Timing of mutational signatures
Mutational trinucleotide substitution signatures, as defined by the PCAWG Mutational Signatures Working Group24, were fit to samples with observed signature activity, after splitting point mutations into either of the four epochs. A likelihood ratio test based on the multinomial distribution was used to test for differences in the mutation spectra between time points. Time-resolved exposures were calculated using non-negative linear least squares. Full details are given in Supplementary Information, section 5.
Real-time estimation of WGD and MRCA
CpG>TpG mutations were counted in an NpCpG context, except for skin–melanoma, in which CpCpG and TpCpG were excluded owing to the overlapping UV mutation spectrum. For visual comparison, the number of mutations was scaled to the effective genome size, defined as the 1/mean(mi/Ci), in which mi is the estimated number of allelic copies of each mutation, and Ci is the total copy number at that locus, thereby scaling to the final copy number and the time of change.

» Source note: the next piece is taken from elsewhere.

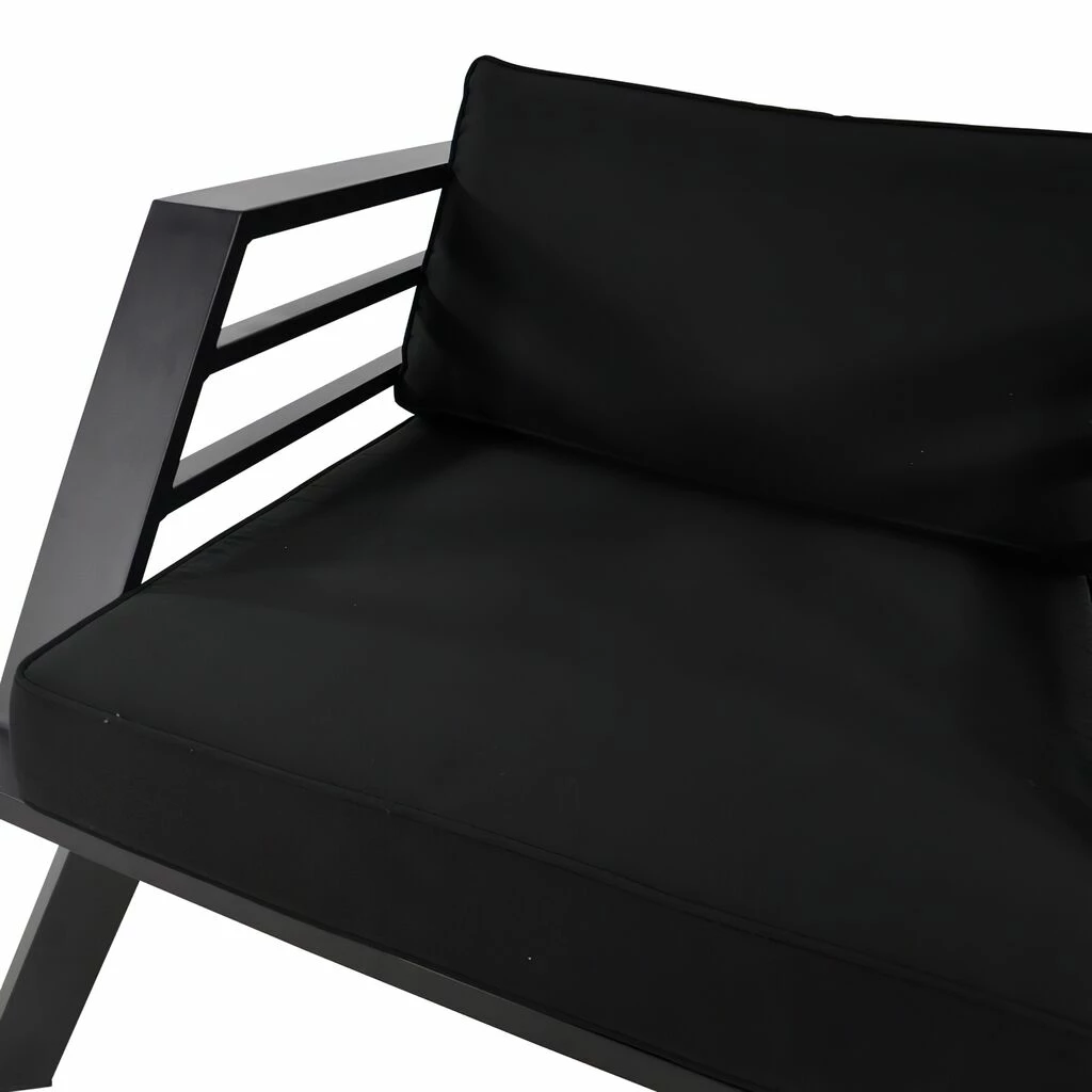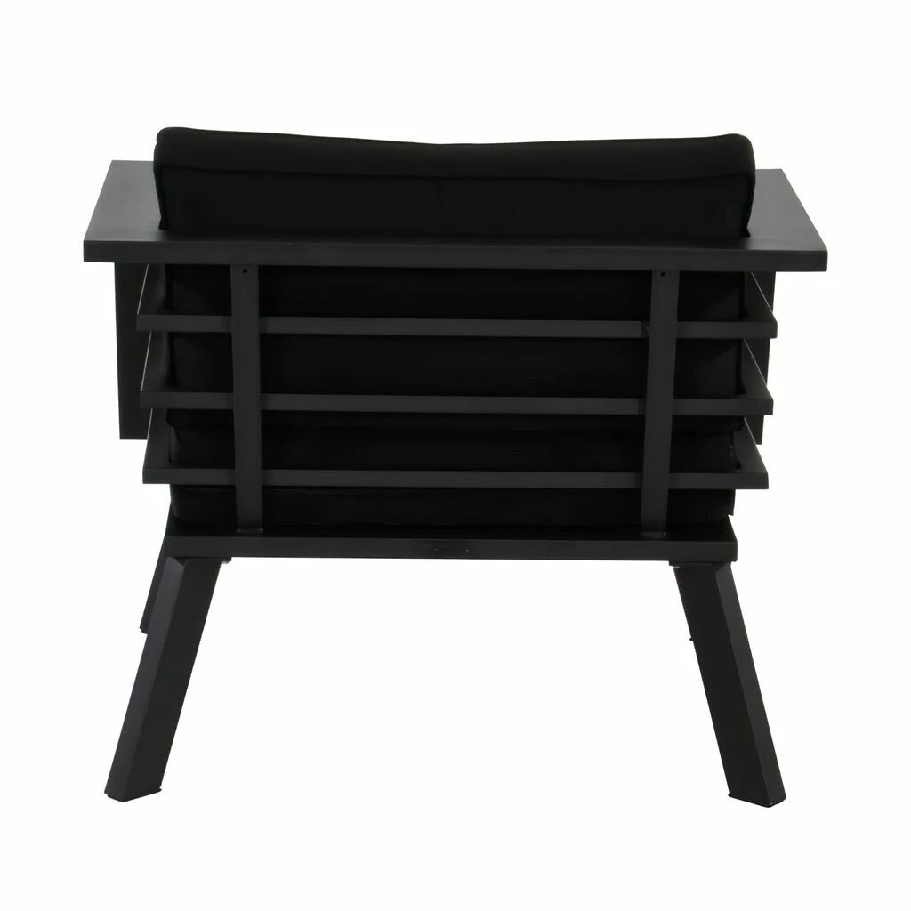 Dieser robuste Gartensessel wird unter ständiger Qualitätskontrolle aus Aluminium gegossen und erhält eine graue Beschichtung. Das Outdoor-Möbelstück ist robust und wetterfest. Die 10 cm dicken Spun-Polyester-Auflagen mit einer Dichte von 300 gr/m^2 sorgen für einen angenehmen Sitzkomfort. Das Inlay wird aus einem Baumwoll-Schaumstoff-Gemisch gebildet. Die Sitzhöhe liegt bei 30 cm ohne Auflage, die Höhe der Armlehnen bei 66 cm. Zur Reinigung sind Wasser und ein Schwamm ausreichend. Von säurehaltigen Reinigungsmittel wird abgeraten. Diese können die Oberfläche schädigen und zu einem Verlust der Wetterbeständigkeit führen.

A hierarchical Bayesian linear regression was fit to relate the age at diagnosis to the scaled number of mutations, ensuring positive slope and intercept through a shared gamma distribution across cancer types.

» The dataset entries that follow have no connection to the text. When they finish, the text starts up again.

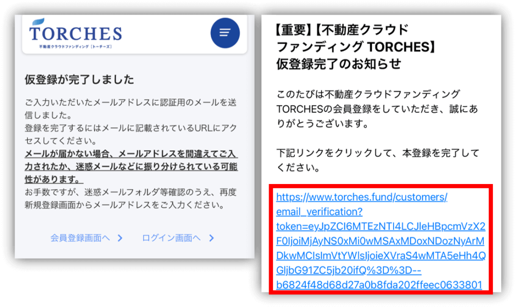 先ほど入力したメールアドレスに「仮登録完了のお知らせ」が届くので、メール内に記載のリンクをタップしてください👍
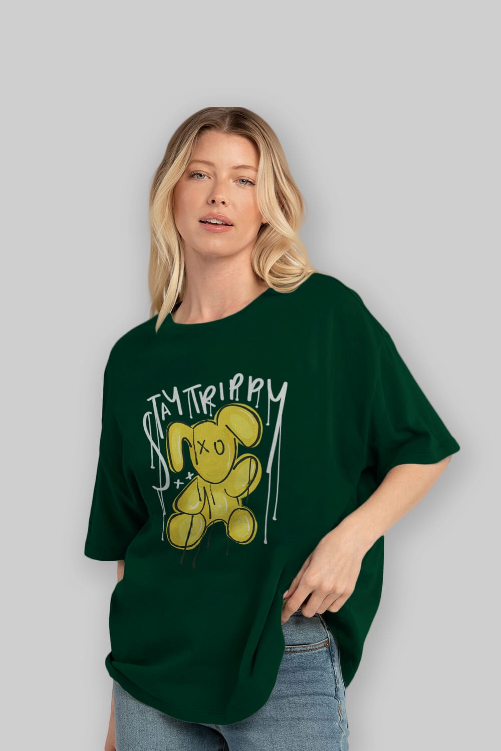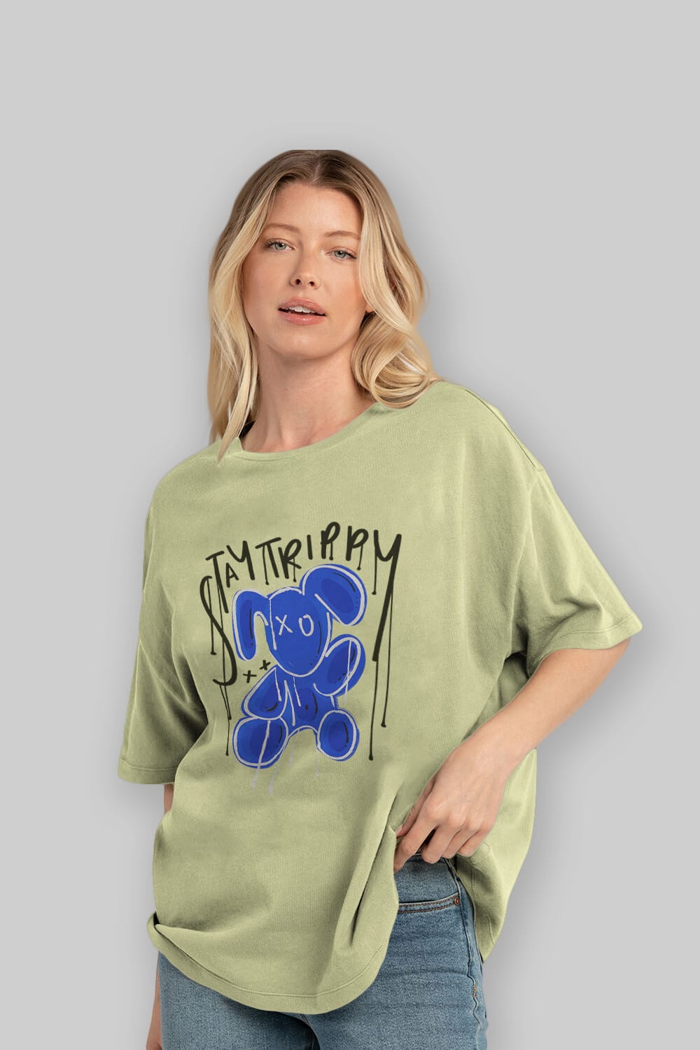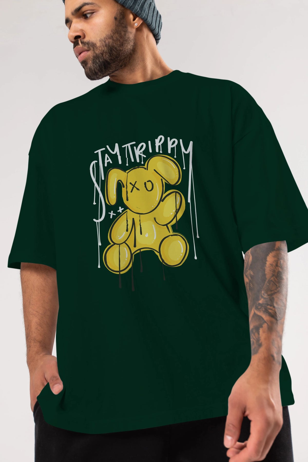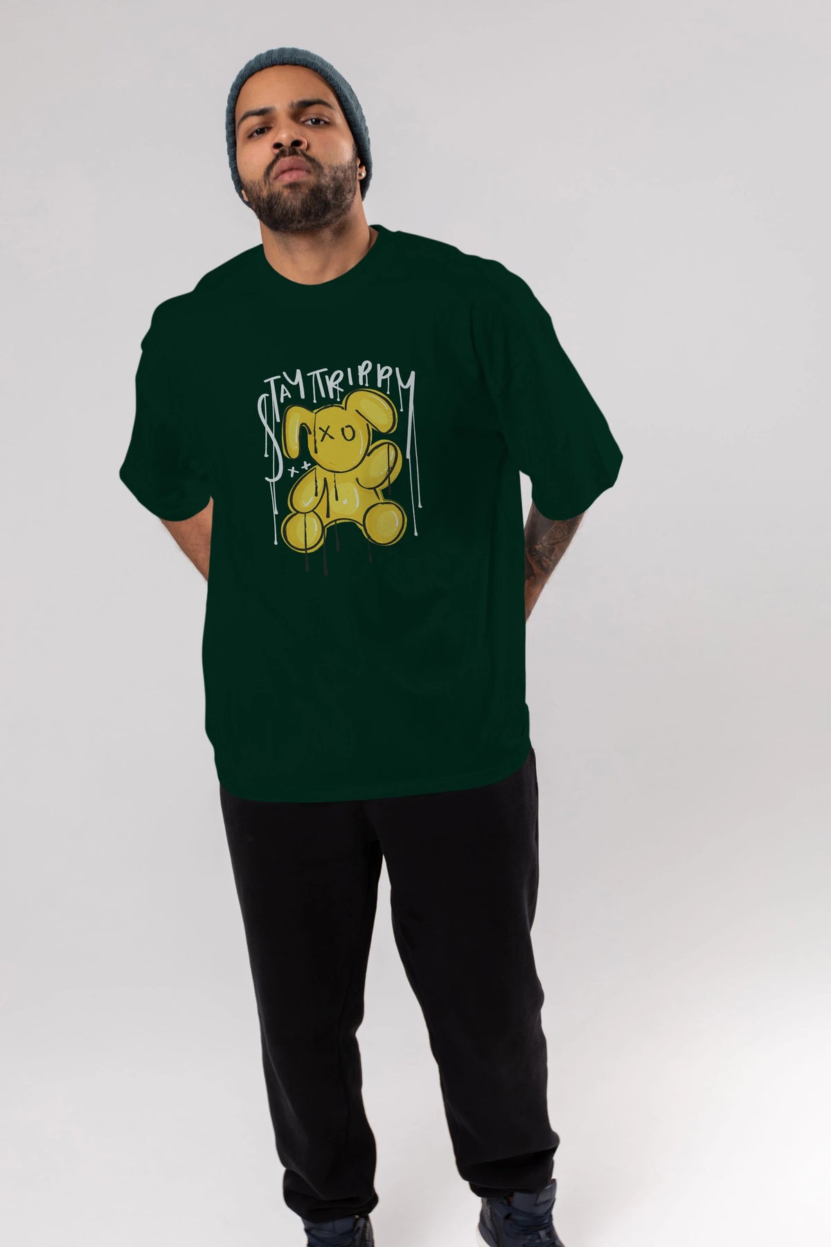 Stay Trippy Bear Ön Baskılı Oversize t-shirt Erkek Kadın Unisex
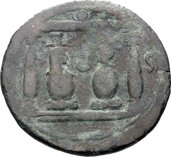 shrine (or temple) with two columns and rounded pediment enclosing two Canopi; between heads, crescent
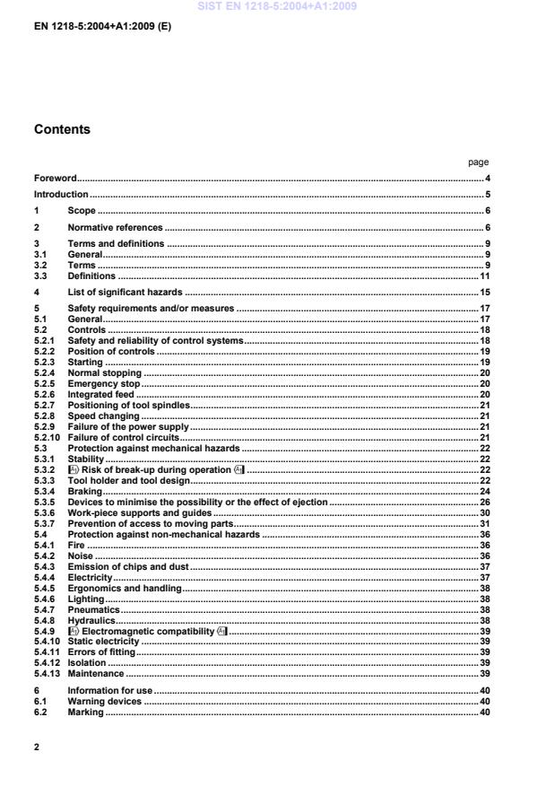 1 Scope !This document specifies all significant hazards, hazardous situations and events as listed in Clause 4 which are relevant to one side profiling machines with fixed table and feed rollers or feed chain hereinafter referred to as "machines", where the loading and unloading is manual and where the maximum work-piece height capacity is 200 mm. The machine is designed to process in one pass one side of solid wood, chip board, fibreboard or plywood and also these materials where they are covered with plastic laminate. The work-piece is fed through the processing units by an integrated feed consisting of rollers or a chain." !deleted text" This document does not apply to transportable machines. This document does not deal with any hazards relating to: a) mechanical loading and/ or unloading of the work-piece; or b) a machine being used in combination with any other machine (as part of a line); or c) use of laser. For Computer Numerically Controlled (CNC) machines this document does not cover hazards related to Electro-Magnetic Compatibility (EMC). NOTE 1 The requirements of this document apply to all machines whatever their method of control e.g. electromechanical and/or electronic. This document is primarily directed to machines which are manufactured after the date of publication by CEN. NOTE 2 Single end tenoning machines with sliding table are dealt with in EN 1218-1:1999. Double end tenoning and/or profiling machines fed by chain or chains are dealt with in EN 1218-2. Single end tenoning machines where the tenon is produced only by means of saw-blades are dealt with in EN 1218-3. 2 Normative references The following referenced documents are indispensable for the application of this document. For dated references, only the edition cited applies. For undated references, the latest edition of the referenced document (including any amendments) applies. !deleted text" !EN 614-1:2006, Safety of machinery — Ergonomic design principles — Part 1: Terminology and general principles" !EN 847-1:2005", Tools for woodworking — Safety requirements — Part 1: Milling tools and circular sawblades !EN 894-1:1997, Safety of machinery — Ergonomics requirements for the design of displays and control actuators — Part 1: General principles for human interactions with displays and control actuators EN 894-2:1997, Safety of machinery — Ergonomics requirements for the design of displays and control actuators — Part 2: Displays SIST EN 1218-5:2004+A1:2009

For tumours with several time points, the set of mutations shared between diagnosis and relapse (nD) and those specific to the relapse (nR) was calculated. The rate acceleration was calculated as: a = nR/nD × tD/tR. This analysis was performed separately for all substitutions and for CpG>TpG mutations.
On the basis of these analyses, a typical increase of 5× for most cancer types was chosen, with a lower value of 2.5× for brain cancers and a value of 7.5× for ovarian cancer.
The correction for transforming an estimate of a copy number gain in mutation time into chronological time depends not only on the rate acceleration, but also on the time at which this acceleration occurred. As this is generally unknown, we performed Monte Carlo simulations of rate accelerations spanning an interval of 15 years before diagnosis, corresponding roughly to 25% of time for a diagnosis at 60 years of age, noting that a 5× rate increase over this duration yields an offset of about 33% of mutations, compatible with our data. Subclonal mutations were assumed to occur at full acceleration. The proportion of subclonal mutations was divided by the number of identified subclones, thus conservatively assuming branching evolution. Full details are given in Supplementary Information, section 6.
Cancer timelines
The results from each of the different timing analyses are combined in timelines of cancer evolution for each tumour type (Fig. 6 and Supplementary Information). Each timeline begins at the fertilized egg, and spans up to the median age of diagnosis within each cohort. Real-time estimates for WGD and the MRCA act as anchor points, allowing us to roughly map the four broadly defined time periods (early clonal, intermediate, late clonal and subclonal) to chronological time during a patient’s lifespan. Specific driver mutations or copy number alterations can be placed within each of these time frames based on their ordering from the league model analysis. Signatures are shown if they typically change over time (95% confidence intervals of mean change not overlapping 0), and if they are strongly active (contributing at least 10% mutations to one time point). Signatures are shown on the timeline in the epoch of their greatest activity. Where an event found in our study has a known timing in the literature, the agreement is annotated on the timeline; with an asterisk denoting an agreed timing, and dagger symbol denoting a timing that is different to our results. Full details are given in Supplementary Information, section 7.
Reporting summary
Further information on research design is available in the Nature Research Reporting Summary linked to this paper.